In conclusion VEGF level increases with expanding kidney volume and rise in LVMI, possibly reflecting a role of this growth factor in early renal and cardiac disease progression in ADPKD. Future animal and cell studies that focus on angiogenesis in ADPKD models will be required to unravel the involved molecular mechanisms, but may provide potential new therapeutic targets for ADPKD.

Methods

Patient description and clinical evaluation

All patients gave informed consent to a protocol that was approved by the Colorado Multiple Institute Review Board. Patients were recruited from those participating in ongoing clinical studies of ADPKD at the University of Colorado Denver between 1990–2009. ADPKD diagnosis was based on radiographic imaging and Ravine’s cirteria (36); all patients included in this study had a positive family history of ADPKD. All patients were studied during a 2-day in-patient visit at the Pediatric Clinical Translational Research Center at the Children’s Hospital in Denver Colorado as described previously (5). Serum and urine creatinine, height, and weight were used to calculate creatinine clearance for all subjects. Blood was drawn for serum chemistries and growth factor assay. Two 24h urines were collected for urinary protein excretion and the value reported is the mean for both 24h urines. Urinary protein was determined in the hospital core laboratory by the pyrogallol red method. Left ventricular mass was determined by standard two-dimensional and Doppler echocardiogram as previously described (5) or by cardiac magnetic resonance imaging on a 1.5 T Siemens system (Siemens, Malvern, PA, USA). Cardiac-gated breath-hold 2 dimensional true-Fast Imaging with Steady State Precession (Fast Imaging Employing Steady-state Aquisition) short-axis cine images were obtained to cover the left ventricle atrioventricular ring to apex (10 mm slice thickness, no gap, field of view 250–320 mm; 10–15 breath holds to cover the whole ventricle). The imaging protocol consisted of localizers in three orthogonal planes (axial, coronal and sagital). After the data were acquired a Leonardo (Siemens Medical System) workstation was used to manually contour endocardial and epicardial contours of the left ventricle in end-diastole and end-systole and left ventricular mass was calculated. Left ventricular mass was corrected by body surface area and reported as LVMI in g/m².

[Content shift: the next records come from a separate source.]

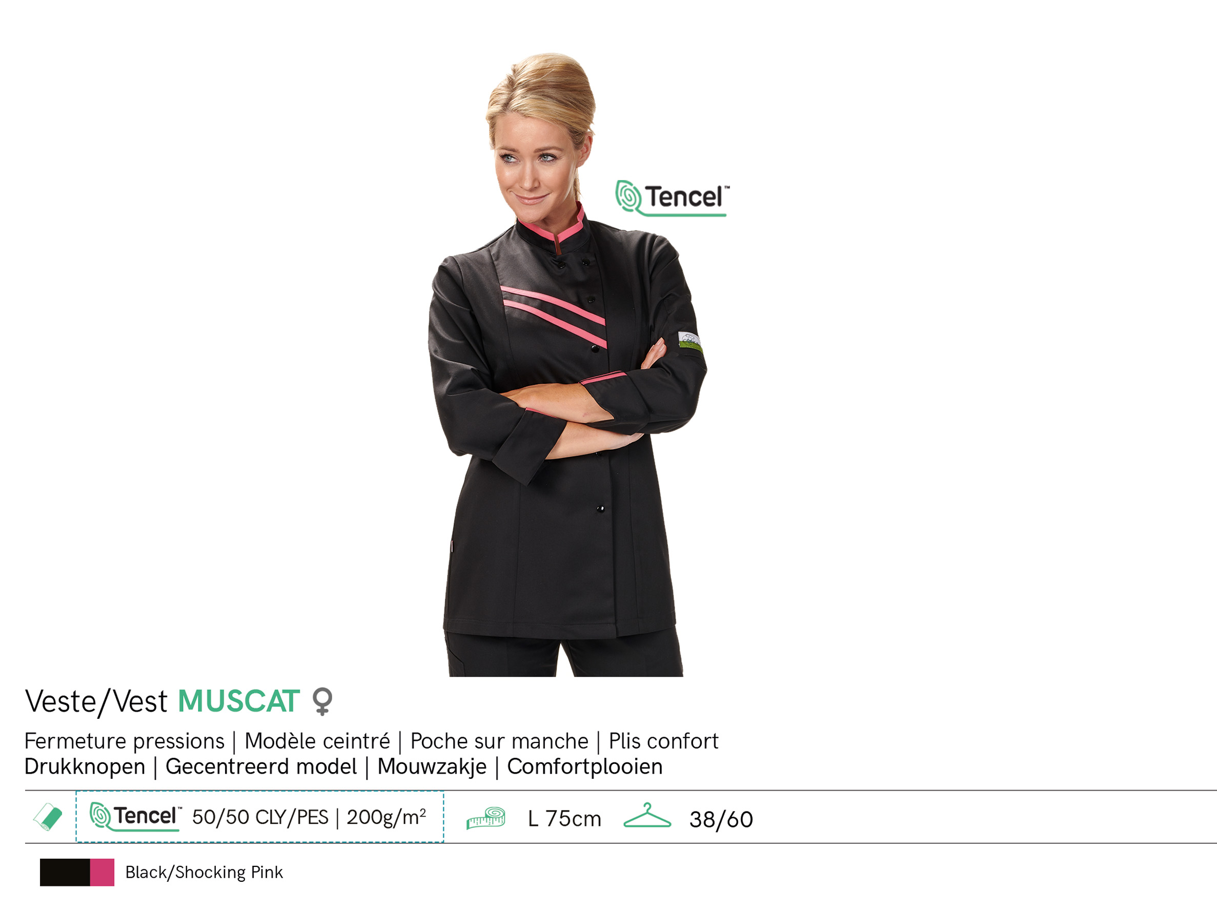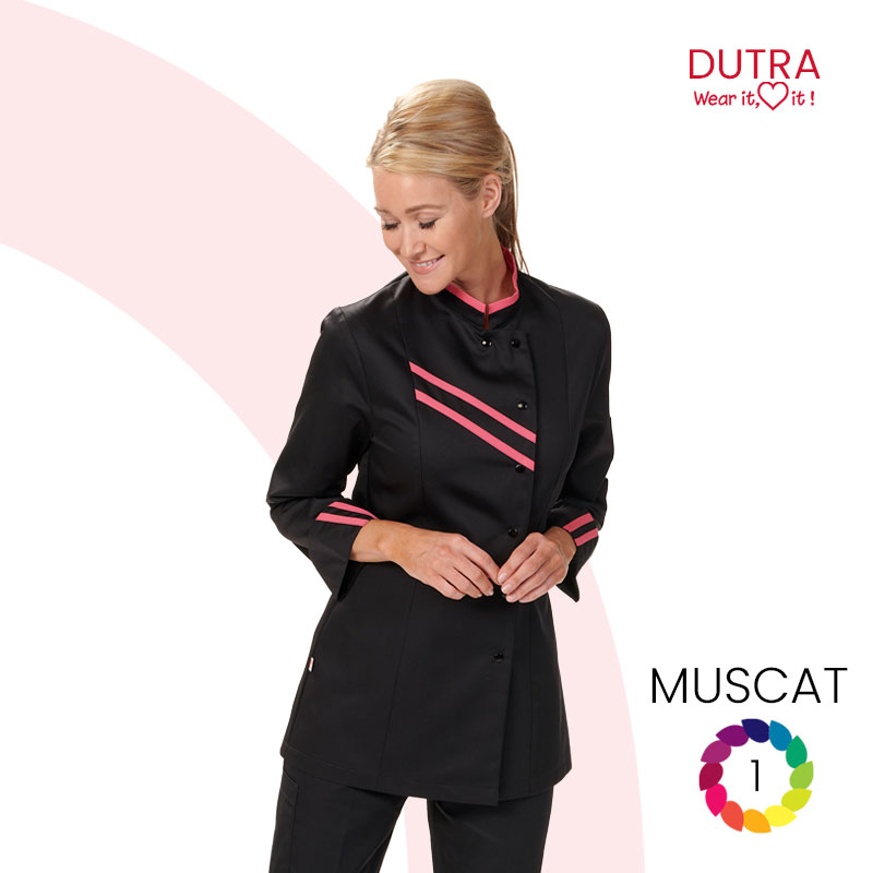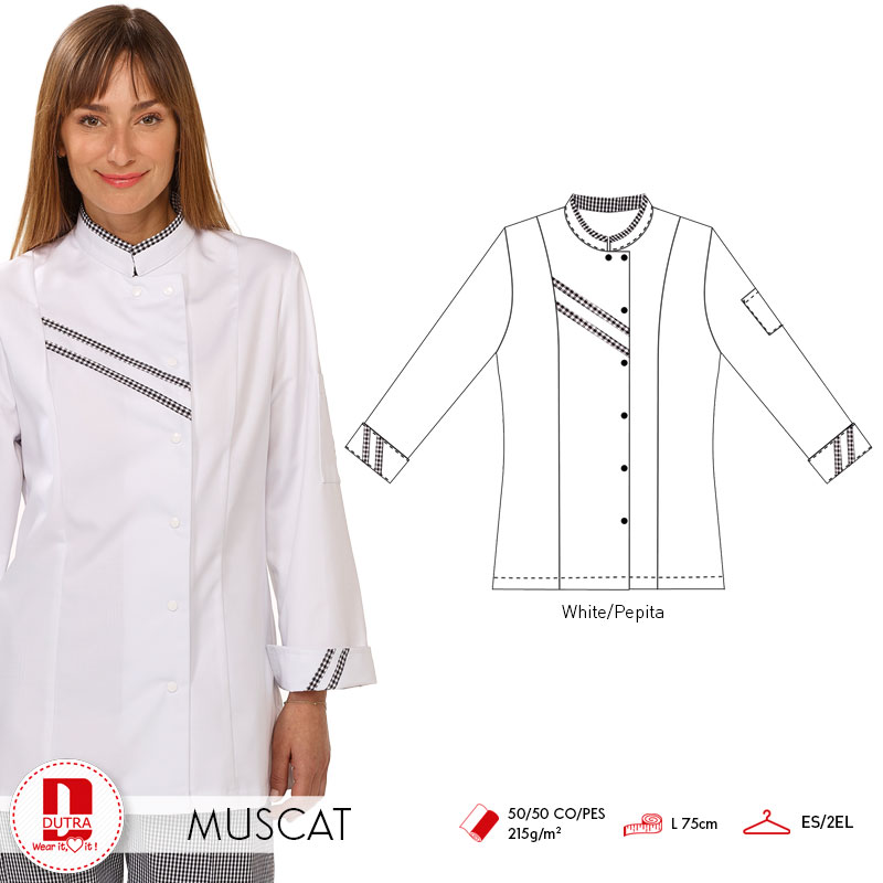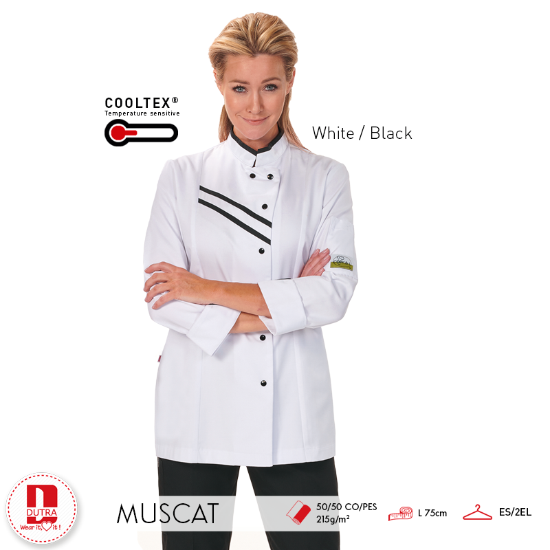 La veste de cuisine pour dame associe élégance et fonctionnalité, répondant aux besoins des professionnelles de la gastronomie. Les manches longues et les garnitures contrastées ajoutent une touche de style.
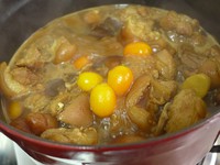 加红烧酱油、冰糖、蚝油将猪脚炒上色,冲入开水,放入几粒金桔一起煮,金桔的数量不可太多不然回口会苦。
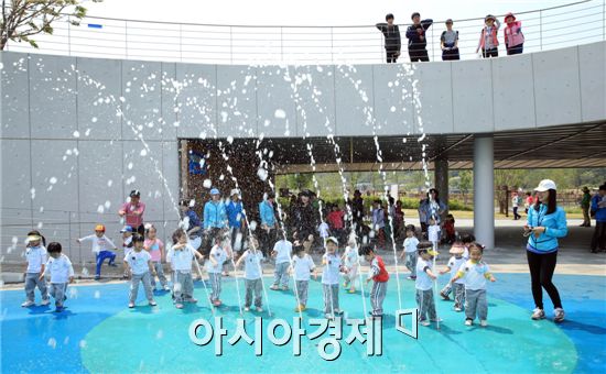 순천만정원 국제습지센터 옆 바닥분수에서 솥아 오르는 물줄기를 보고 아이들이 환호성을 지르고 있다.<br /> <br /> 순천만정원 내 물놀이 체험은 생태체험장, 어린이정원, 동천 등 4개소에서 운영하고 있다. <br /> <br /> 동천 수상자전거는 지난 21일부터 운영, 하루 300여 명 이상이 이용, 가족단위 관광객들에게 호응을 얻고 있다.<br /> <br /> 한편 지난 4월 20일 영구 개장한 ‘순천만정원’은 개장 62일 만에 관광객 100만 명을 돌파, 남도의 작은 도시 순천을 명실상부한 대한민국 대표 정원 및 힐링도시로 거듭나게 하고 있다.<br />
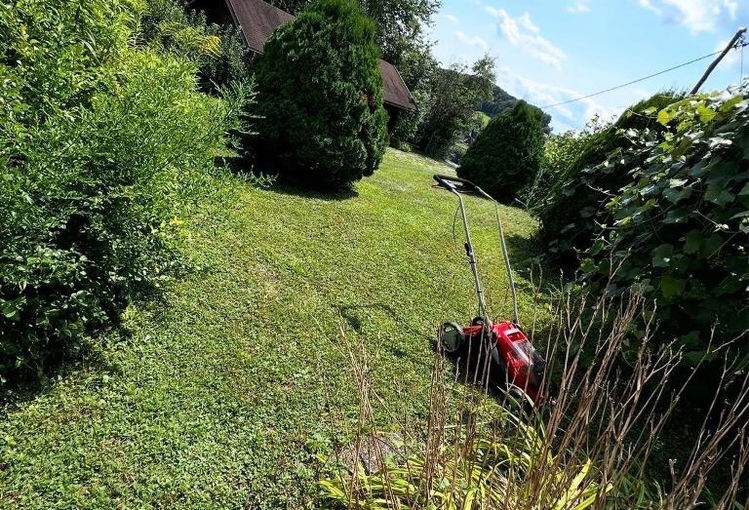 Zemljišče v velikosti 880 m² ima urejeno zelenico ter je na cestni strani ograjeno.
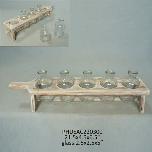 BOARD & BOTTLE CENTERPIECE W/ FIVE BOTTLES
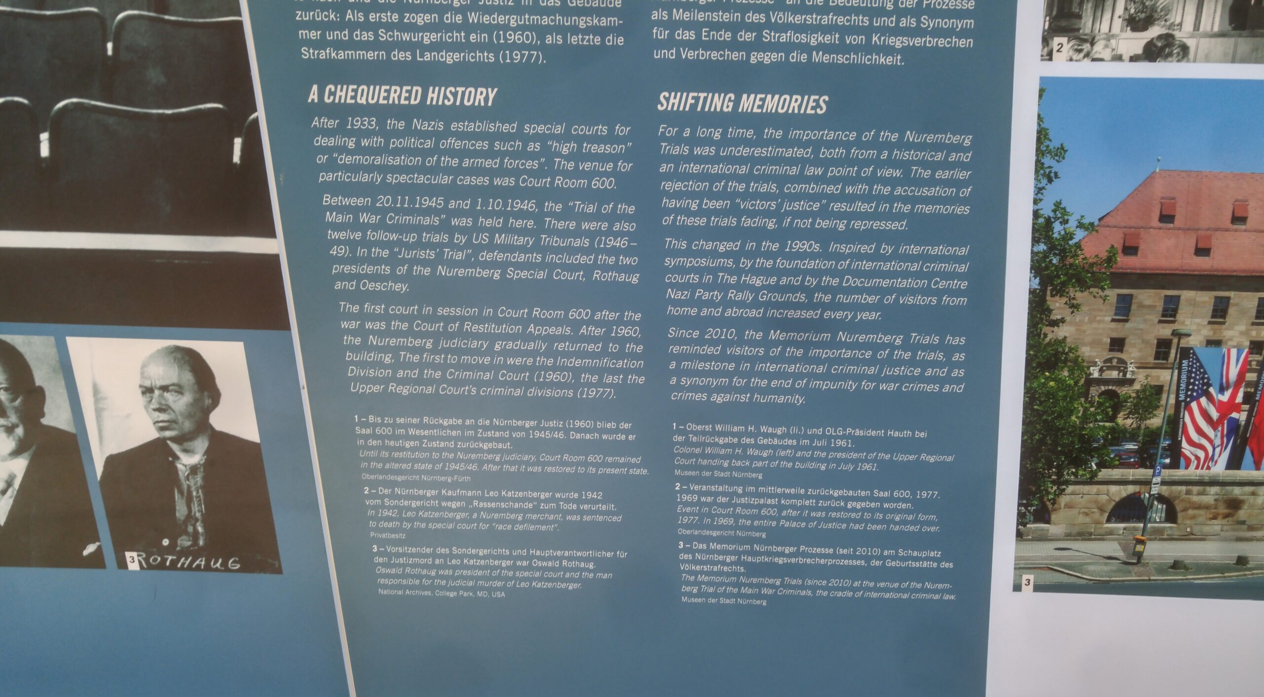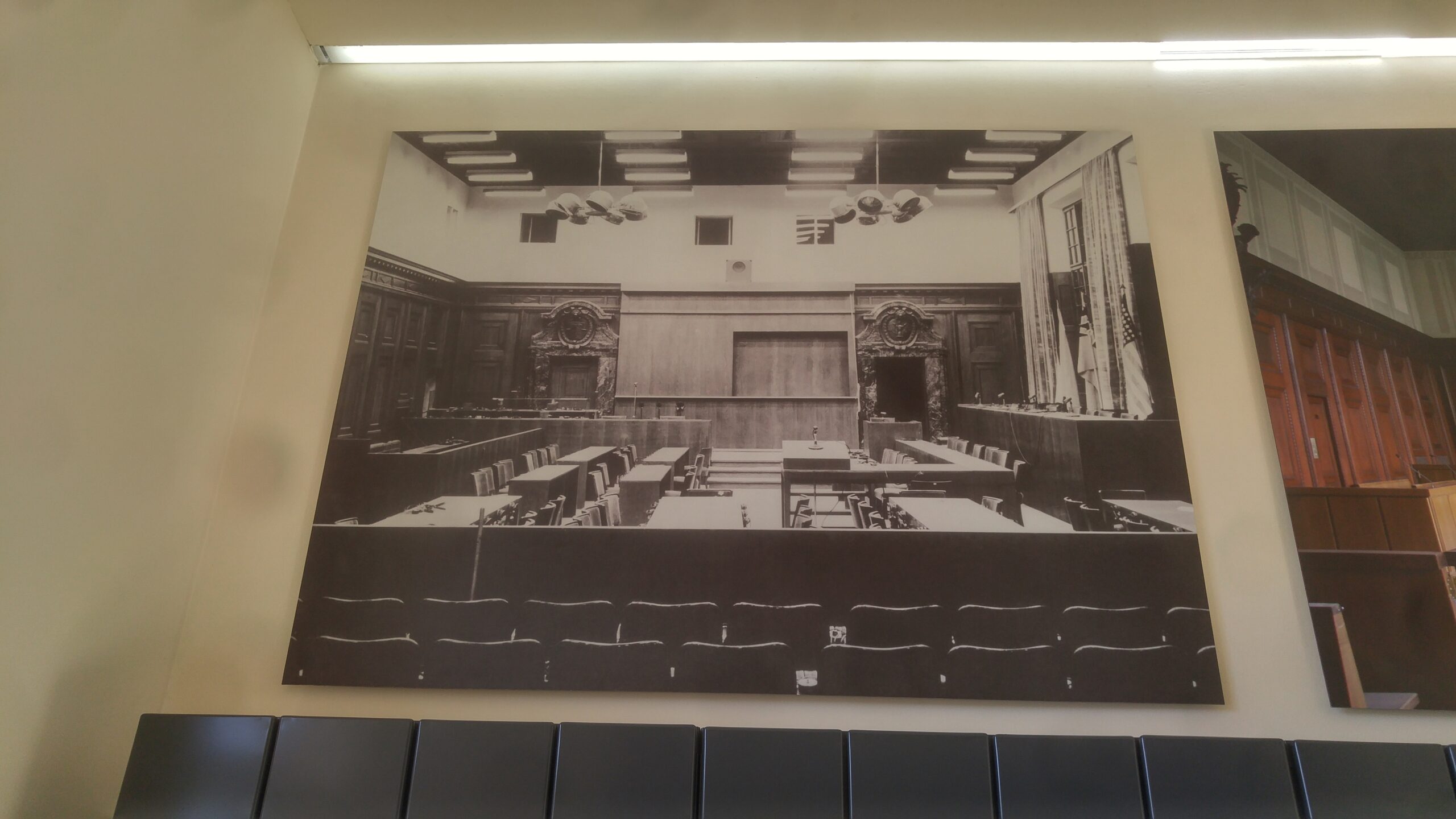La visita es de las que te recolocan: la sala 600 —la misma donde se sentaron Göring, Hess, Ribbentrop, Speer y los otros— se conserva con sus paneles de madera oscura, los micrófonos de baquelita, los auriculares de los traductores, los bancos del banquillo. La exposición arriba documenta la cronología, los acusados, las defensas, las sentencias. La crítica jurídica que mencioné en el bloque de arriba está bien presentada — el museo no escatima en el debate sobre el ex post facto.
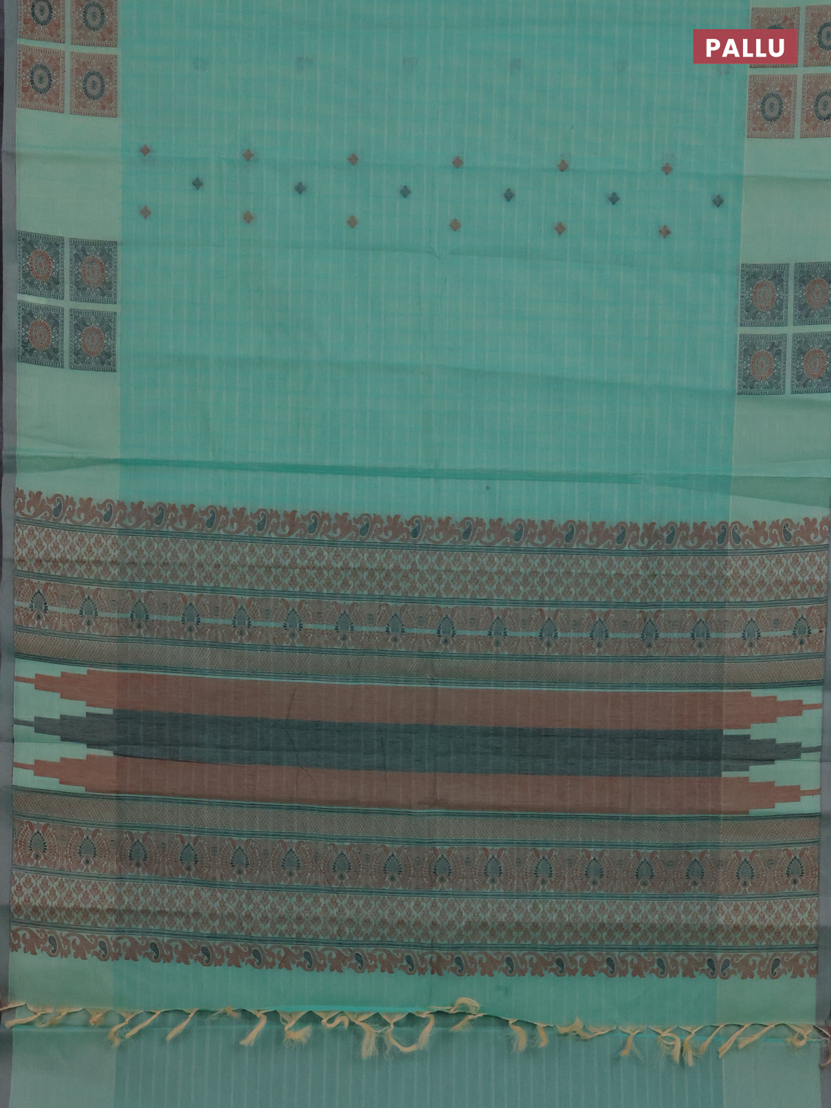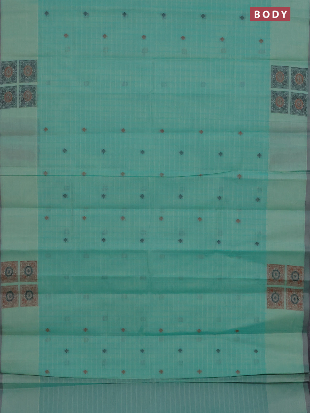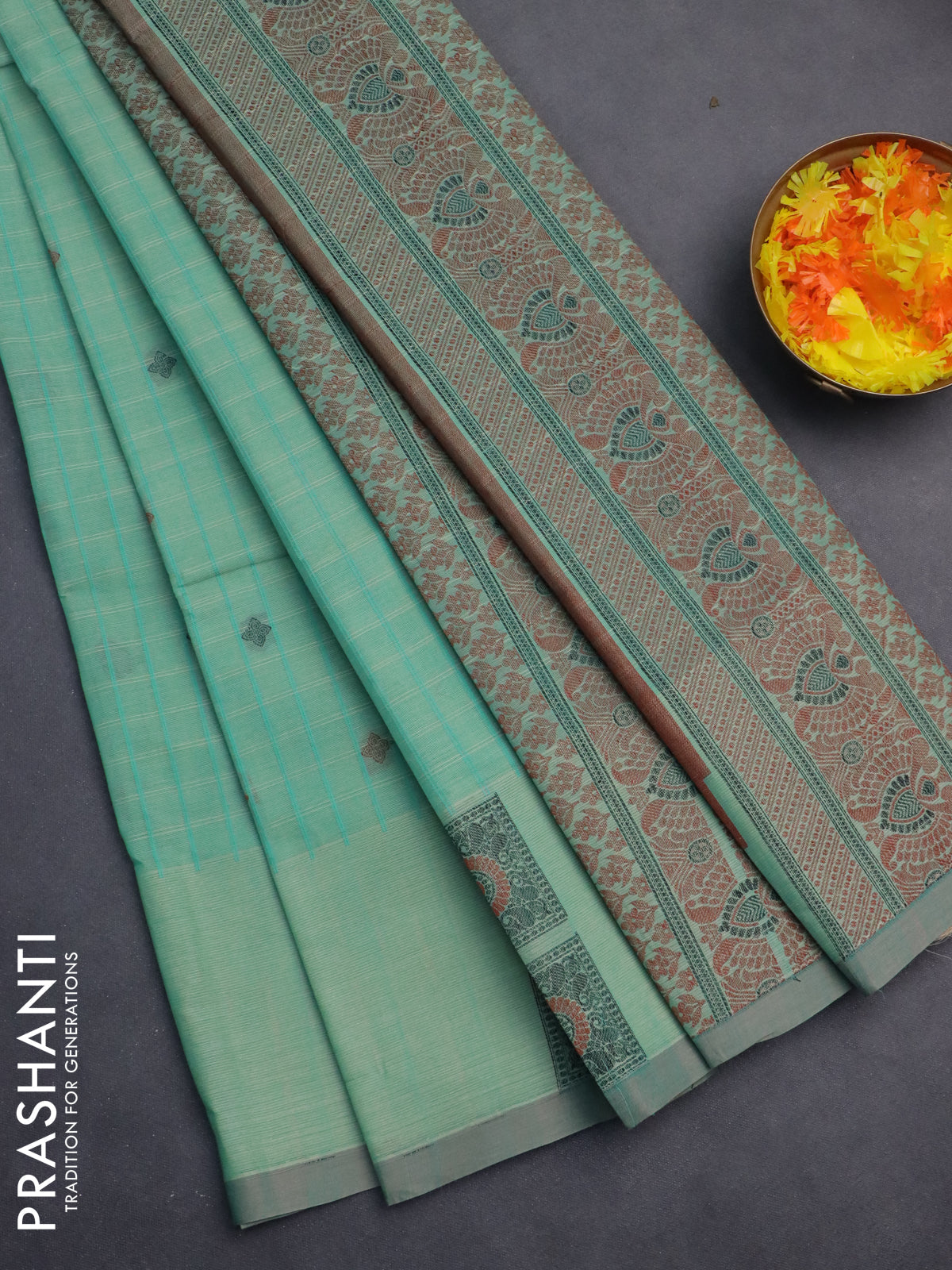 Nithyam cotton saree teal blue and beige with allover checks & thread buttas and thread woven butta border
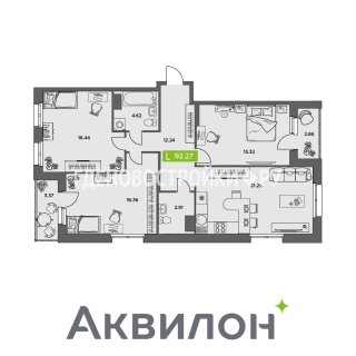 3-комн.Площадь: 92.27м2
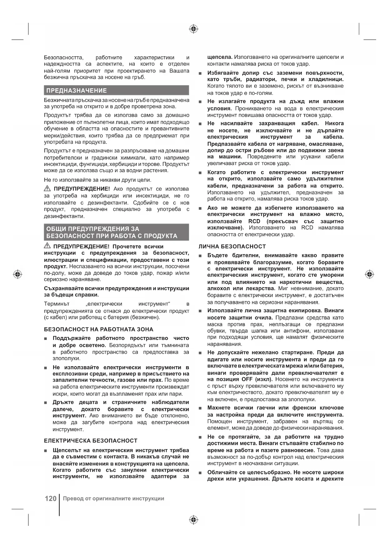 Diely alebo príslušenstvo predávané samostatne Poznámka Varovanie Zamknuté Odomknuté Zastavte zariadenie.120 Превод от оригиналните инструкции Безопасността, работните характеристики и надеждността са аспектите, на които е отделен най-голям приоритет при проектирането на Вашата безжична пръскачка за носене на гръб. ПРЕДНАЗНАЧЕНИЕ Безжичната пръскачка за носене на гръб е предназначена за употреба на открито и в добре проветрена зона. Продуктът трябва да се използва само за домашно приложение от пълнолетни лица, които имат подходящо обучение в областта на опасностите и превантивните мерки/действия, които трябва да се предприемат при употребата на продукта.
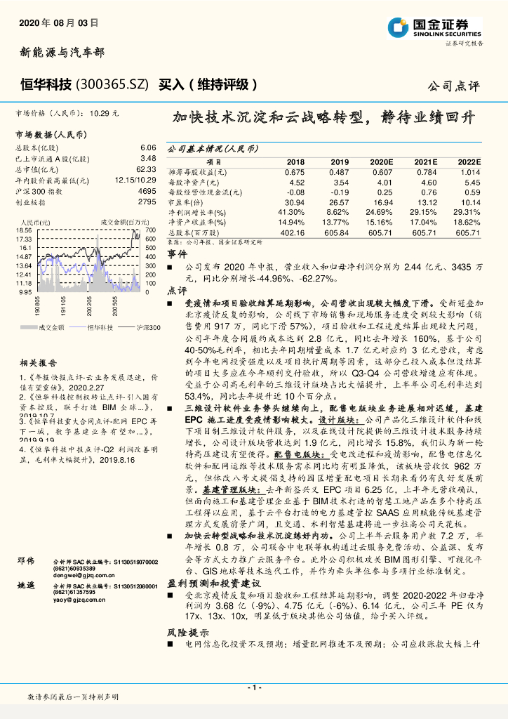 国金证券:恒华科技(300365)-加快技术沉淀和云战略转型,静待业绩回升.pdf
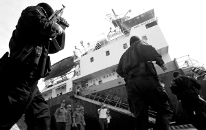 6月10日(ri)下(xia)午3時整(zheng),靠泊(bo)在(zai)海口港(gang)17號(hao)泊(bo)位的(de)中國(guo)籍船舶“涵江(jiang)”輪上(shang),一名(ming)機工在(zai)安全巡視時突遭一名(ming)陌(mo)生人襲(xi)擊。其他船員(yuan)在(zai)巡查中發現(xian)機艙油(you)柜附近有(you)一包不(bu)明物品。隨即,海南(nan)海事(shi)局、海南(nan)港(gang)航控(kong)股有(you)限公(gong)司、省港(gang)務公(gong)安局和中遠南(nan)方瀝青有(you)限公(gong)司等單(dan)位立即啟動應急反恐程序,這是海南(nan)省首次舉(ju)行的(de)船岸反恐保安聯合演習。

Angiopoietin and VEGF assay

Patient sera were stored at –80⁰C before assay and all were samples assayed in duplicate. Ang-1 and VEGF were assayed by enzyme-linked immunosorbent assay using kits from Raybiotech (Norcross, GA, USA). The intra- and inter-assay coefficient of variability of the Ang-1 assay was < 10% and < 12%, respectively, and lower limit of detection 30pg/ml. The VEGF intra- and inter-assay coefficient of varaibility was < 10 and <12%, respectively, with lower limit of detection 20 pg/ml. Serum Ang-2 was assayed by Quantikine enzyme-linked immunosorbent assay from R & D Systems (Minneapolis, MN, USA). The intra- and inter-assay reproducibility was 7 and 10.4%, respectively, with lower limit of detection, 21.3 pg/ml.

Statistical analysis

All variables were checked for the distributional assumption of normality. Owing to the highly skewed distributions of all outcome variables, log₁₀ transformations were applied and the transformed variables were used in all analyses. Log₁₀ transformations were also applied to VEGF and the ratio of Ang-1/Ang-2. All statistical analyses were performed using SAS version 9.2 (SAS Institute, Cary, NC, USA). Descriptive statistics are presented as mean, s.d., and 95% confidence interval or geometric mean and 95% confidence interval. Univariate linear regression was used to test the relationship of VEGF, Ang-1, Ang-2, and the ratio of Ang-1/Ang-2 on ADPKD phenotypes including total renal volume, total cyst number, total cyst volume, creatinine clearance, LVMI, and urinary protein excretion. Stepwise linear regression was used with the forward selection method to determine independent effects of Ang-1, Ang-2, and VEGF on all dependent variables. No correction for multiple endpoints was applied; however, the primary hypothesis was that Ang-1 would be related to kidney volume measures. In linear regression, renal volume was adjusted for age, sex and body surface area, renal cyst volume was adjusted for age and sex. Creatinine clearance was corrected for body surface area, and proteinuria were corrected for age and sex. LVMI was already adjusted for body surface area, but age and sex were included as covariates. Logistic regression was used to test the relationship of VEGF, Ang-1, Ang-2, and ratio Ang-1/Ang-2 with hypertension. In analysis of total renal volume, total cyst volume, creatinine clearance, and LVMI by quartile of VEGF; all P-values were corrected for multiple comparisons by the Tukey-Kramer correction (21).

Acknowledgments

This research was supported by grant numbers M01RR00051, M01RR00069 General Research Centers Program, National Center for Research Resources (NCRR)/NIH; by NIH/NCRR Colorado CTSI grant number ULI RR025780 by grants DK34039 and DK090005 from NIH(NIDDK) and by the Zell Family Foundation. The content of this publication are the authors sole responsibility and do not necessarily represent the official NIH views,

Footnotes

Disclosure

All the authors declared no competing interests.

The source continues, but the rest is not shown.